◆ Record excerpts ◆
╔══

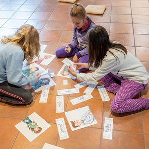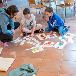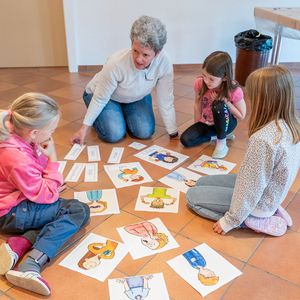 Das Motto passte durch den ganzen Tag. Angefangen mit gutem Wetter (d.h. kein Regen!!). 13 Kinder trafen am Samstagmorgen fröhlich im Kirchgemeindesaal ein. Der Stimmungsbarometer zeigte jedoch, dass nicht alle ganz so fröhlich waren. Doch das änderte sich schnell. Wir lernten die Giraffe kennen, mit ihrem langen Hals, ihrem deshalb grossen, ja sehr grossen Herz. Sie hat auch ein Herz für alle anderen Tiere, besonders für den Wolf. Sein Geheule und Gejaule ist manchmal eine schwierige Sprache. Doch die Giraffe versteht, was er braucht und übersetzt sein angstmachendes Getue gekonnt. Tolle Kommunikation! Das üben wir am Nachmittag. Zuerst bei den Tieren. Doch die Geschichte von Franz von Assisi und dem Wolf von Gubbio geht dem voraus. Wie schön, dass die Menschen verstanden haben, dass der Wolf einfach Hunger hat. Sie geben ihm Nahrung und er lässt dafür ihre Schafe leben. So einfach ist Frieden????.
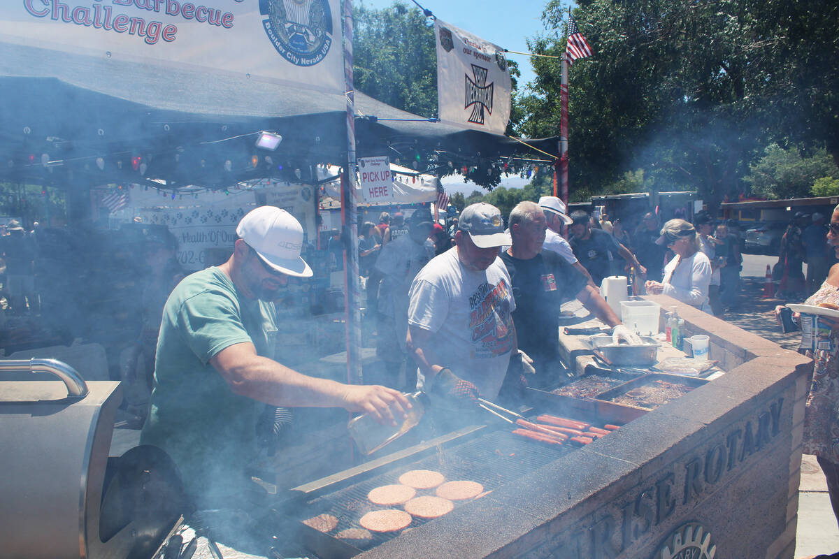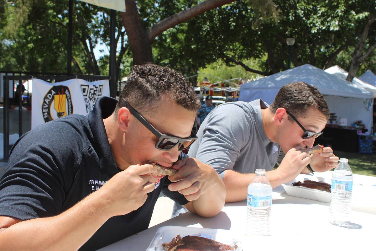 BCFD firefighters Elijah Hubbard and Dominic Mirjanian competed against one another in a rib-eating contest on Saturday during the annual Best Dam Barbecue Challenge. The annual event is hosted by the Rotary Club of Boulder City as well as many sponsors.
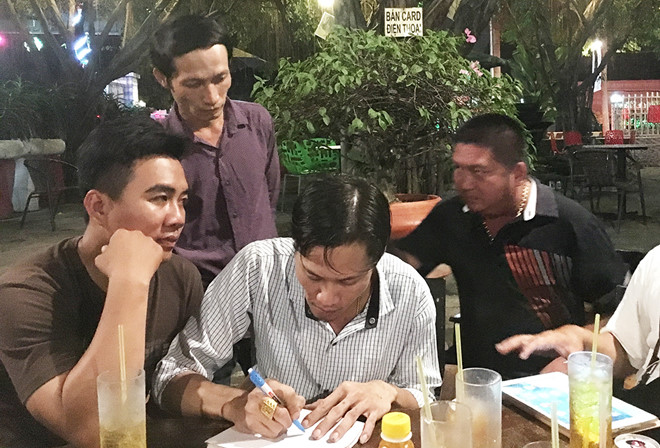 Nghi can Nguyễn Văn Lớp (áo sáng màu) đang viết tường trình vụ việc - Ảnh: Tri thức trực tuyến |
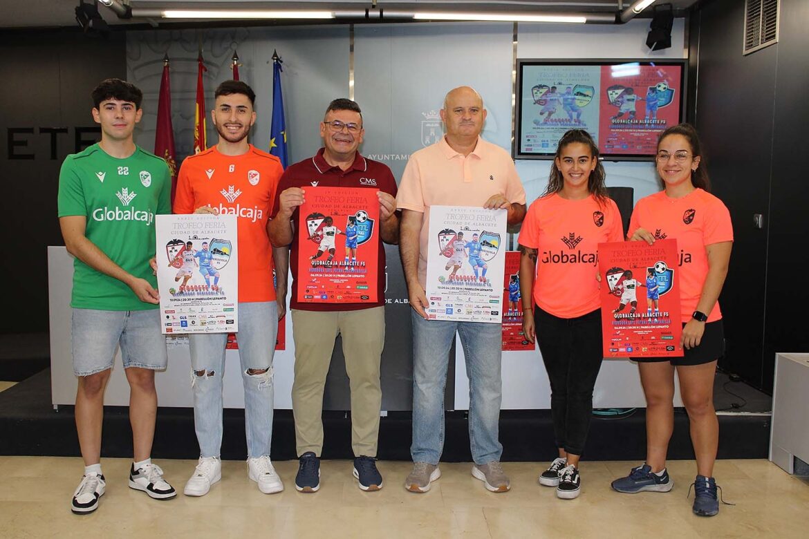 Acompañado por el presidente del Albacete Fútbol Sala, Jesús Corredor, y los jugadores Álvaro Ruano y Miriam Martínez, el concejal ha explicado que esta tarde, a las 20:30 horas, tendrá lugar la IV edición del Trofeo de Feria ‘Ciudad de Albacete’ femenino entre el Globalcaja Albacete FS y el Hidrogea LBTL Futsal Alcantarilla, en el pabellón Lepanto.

╚══
╔══

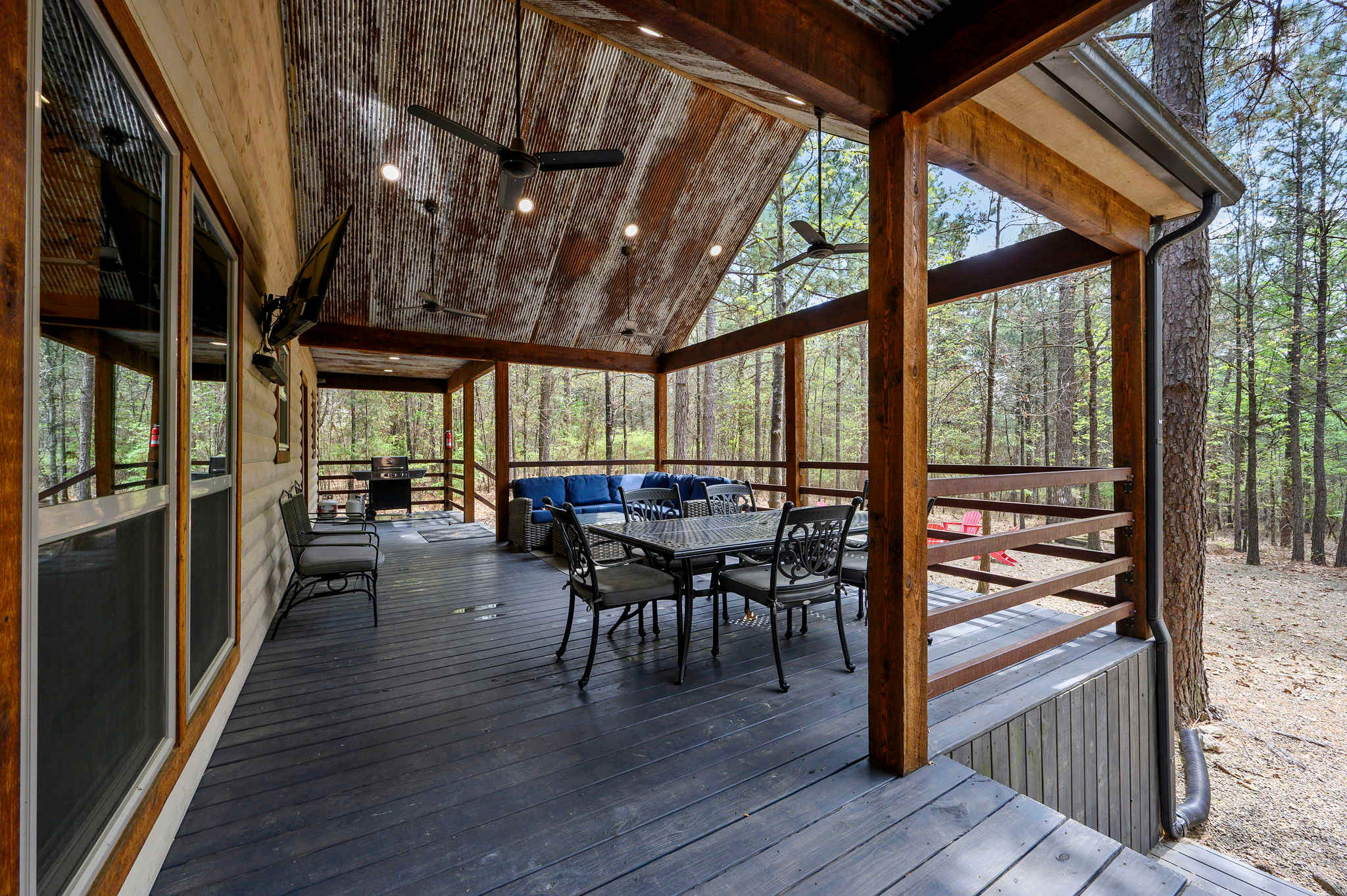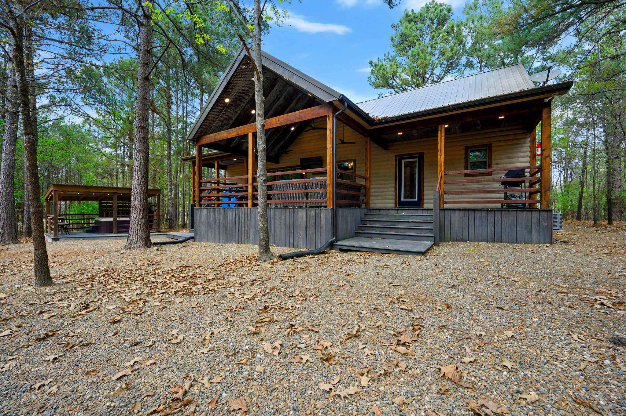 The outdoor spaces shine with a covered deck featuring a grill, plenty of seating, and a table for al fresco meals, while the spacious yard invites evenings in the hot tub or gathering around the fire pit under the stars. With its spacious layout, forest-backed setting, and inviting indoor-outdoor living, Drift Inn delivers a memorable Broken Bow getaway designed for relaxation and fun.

╚══

What you return must match, character for character, the lines above from the one with "Das Motto passte" through the one with "Nghi can Nguyễn", minus any pictures.

 Das Motto passte durch den ganzen Tag. Angefangen mit gutem Wetter (d.h. kein Regen!!). 13 Kinder trafen am Samstagmorgen fröhlich im Kirchgemeindesaal ein. Der Stimmungsbarometer zeigte jedoch, dass nicht alle ganz so fröhlich waren. Doch das änderte sich schnell. Wir lernten die Giraffe kennen, mit ihrem langen Hals, ihrem deshalb grossen, ja sehr grossen Herz. Sie hat auch ein Herz für alle anderen Tiere, besonders für den Wolf. Sein Geheule und Gejaule ist manchmal eine schwierige Sprache. Doch die Giraffe versteht, was er braucht und übersetzt sein angstmachendes Getue gekonnt. Tolle Kommunikation! Das üben wir am Nachmittag. Zuerst bei den Tieren. Doch die Geschichte von Franz von Assisi und dem Wolf von Gubbio geht dem voraus. Wie schön, dass die Menschen verstanden haben, dass der Wolf einfach Hunger hat. Sie geben ihm Nahrung und er lässt dafür ihre Schafe leben. So einfach ist Frieden????.
 BCFD firefighters Elijah Hubbard and Dominic Mirjanian competed against one another in a rib-eating contest on Saturday during the annual Best Dam Barbecue Challenge. The annual event is hosted by the Rotary Club of Boulder City as well as many sponsors.
 Nghi can Nguyễn Văn Lớp (áo sáng màu) đang viết tường trình vụ việc - Ảnh: Tri thức trực tuyến |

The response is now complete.